SOUTHWEST RANCHES, FLA. (WSVN) - A politician in Israel has reached out to help a South Florida student who was detained in the Middle Eastern country for her political affiliation.

Tamar Zandberg aims to ensure Lara Alqasem, a Southwest Ranches resident who graduated from the University of Florida, is able to stay in the country to pursue a master’s degree in human rights.

“This is a 22-year-old student [who] came to study with a student visa,” said Israeli politician Tamar Zandberg. “She’s being detained because of her political activity in the past.”

While studying at UF, back in 2015, Alqasem was president of a pro-Palestinian group that advocated for an Israeli boycott. The movement is called Boycott, Divestment and Sanctions, or BDS.

Alqasem arrived at Ben Gurion Airport last week to pursue her master’s in human rights at Hebrew University of Jerusalem.

Shortly after landing, she was detained, even though she had been given a student visa.

“This is exactly one of the most extremist BDS organizations,” said Gilad Erdan, Israel’s minister of public security. “We don’t want to see their activists coming to Israel and trying to use our infrastructure to harm us and to destroy us.”

But Zandberg said taking Alqasem into custody was wrong.

“I thought this is a great wrongdoing for my country,” she said. “We have a responsibility to show her and the rest of the world that Israel is a liberal democracy.”

Zandberg visited Alqasem in a holding area at the airport.

“She would rather stay here, even another few days in detention, and get in eventually than go back,” said Zandberg.

Meanwhile, the student’s mother, Karen Alqasem, patiently awaits the Israeli court’s decision.

“She has to stay in a room most of the time,” she said. “They get to go out, I think, twice a day, once in the morning and once in the afternoon for a short period of time.”

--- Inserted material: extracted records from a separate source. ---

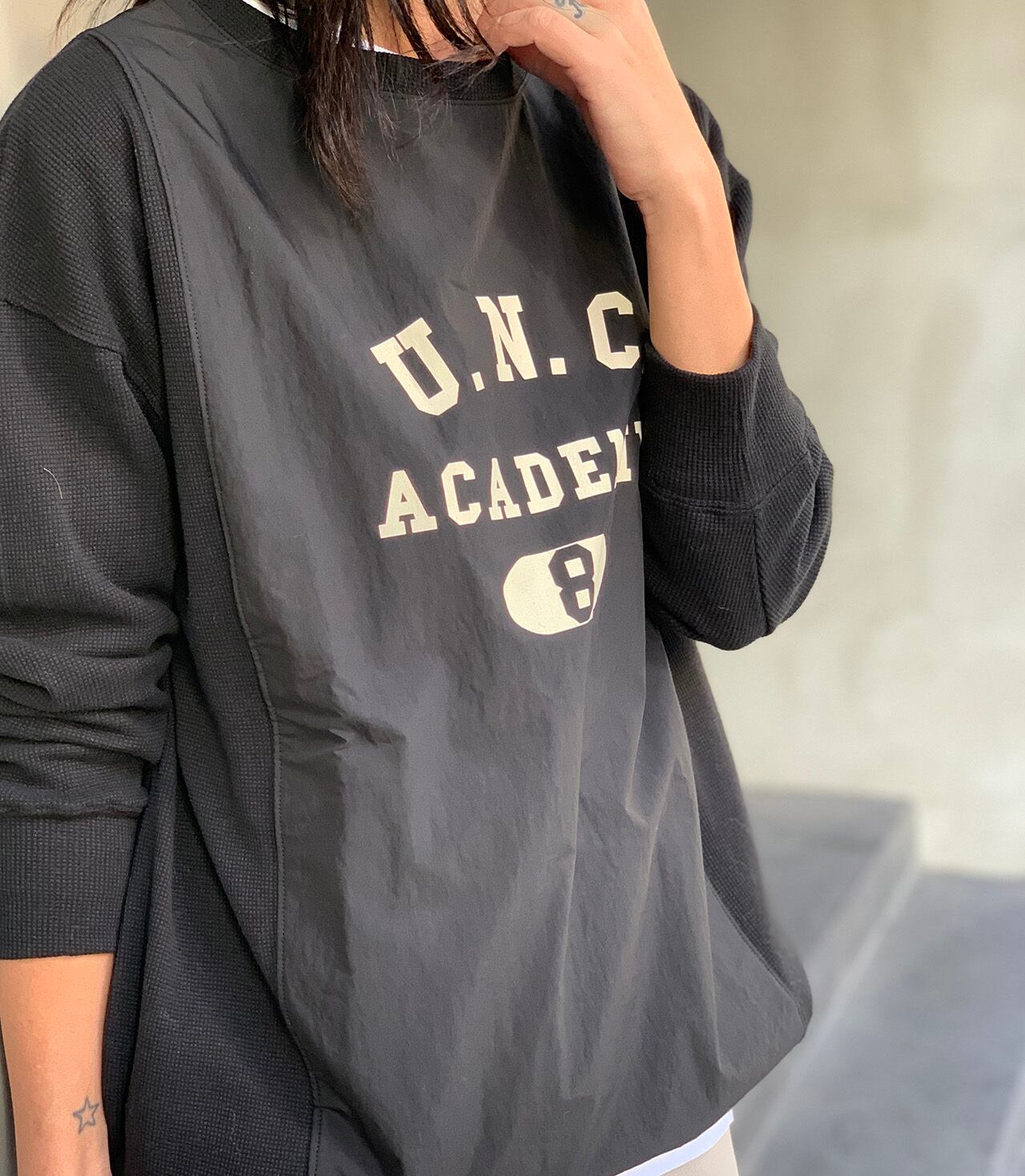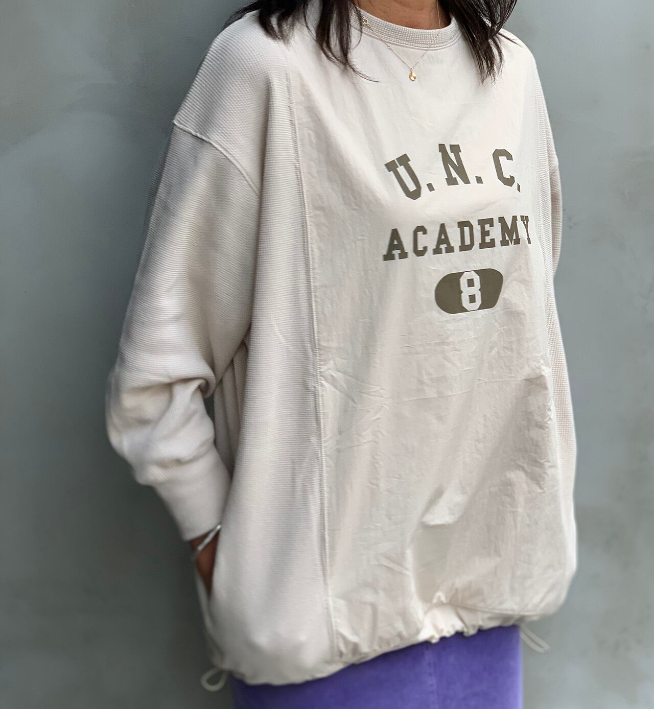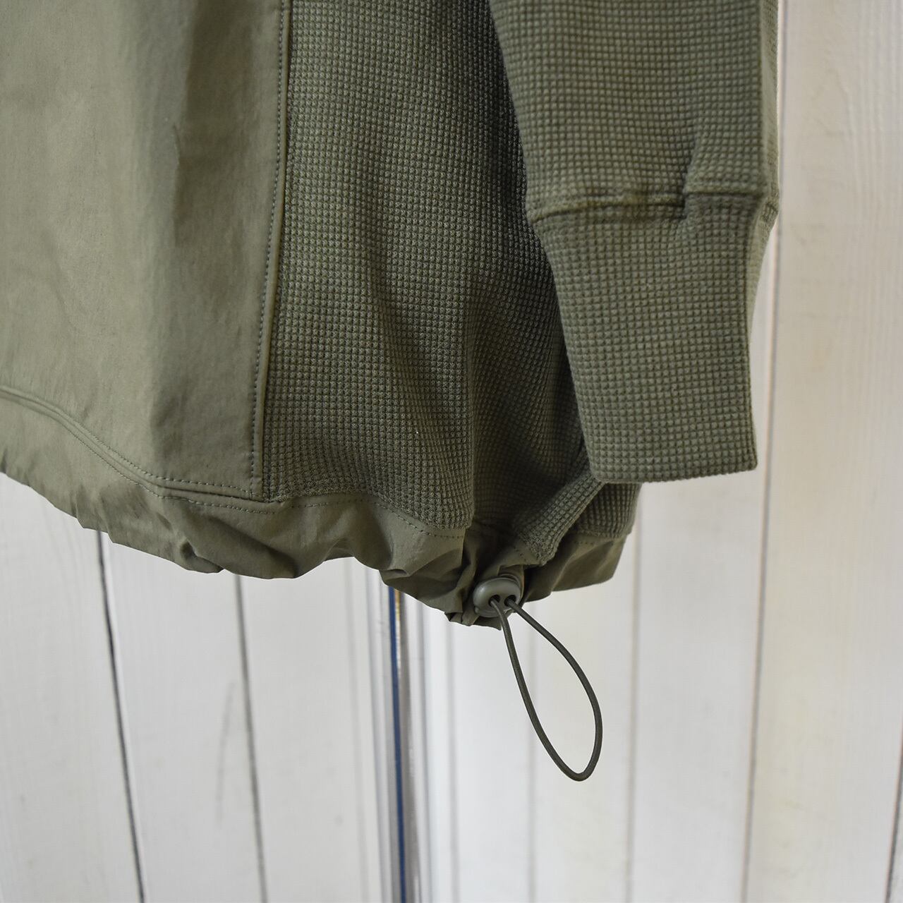 ワッフルとナイロンの異素材を合わせたロングスリーブTシャツ。ナイロン部分はワッフルとナイロンの2枚合わせになっています。中にインナーを合わせて冬も着て頂け、3シーズンお使い頂けます。裾はドロップコード仕様で一枚でも形が決まり易いデザインです。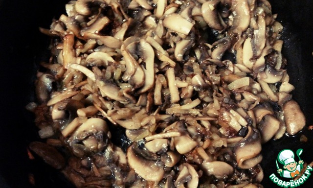 На подсолнечном масле обжарить лук с грибами до румяности.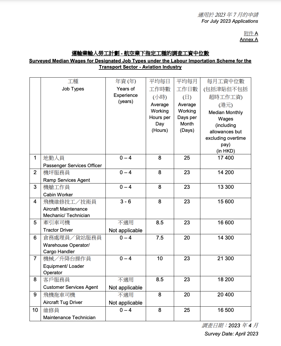 从运输及物流局网页的申请须知的附件中可以看到,上述10个航空业工种的月薪中位数最高为机械/升降台操作员的21,300元港币,其次是飞机拖车司机,每月工资中位数为20,400元港币,最低为机舱工作员的每月13,300元港币。

A court in Tel Aviv will decide Alqasem’s appeal Thursday morning. If she loses the appeal, she may be put on a plane to London and then the United States.

“If this one doesn’t go through, there is further recourse,” said her mother. “If she wants to do it, I’m behind her, but of course, if she wants to come home, that’s great. I think she’ll be fine with wherever she ends up.”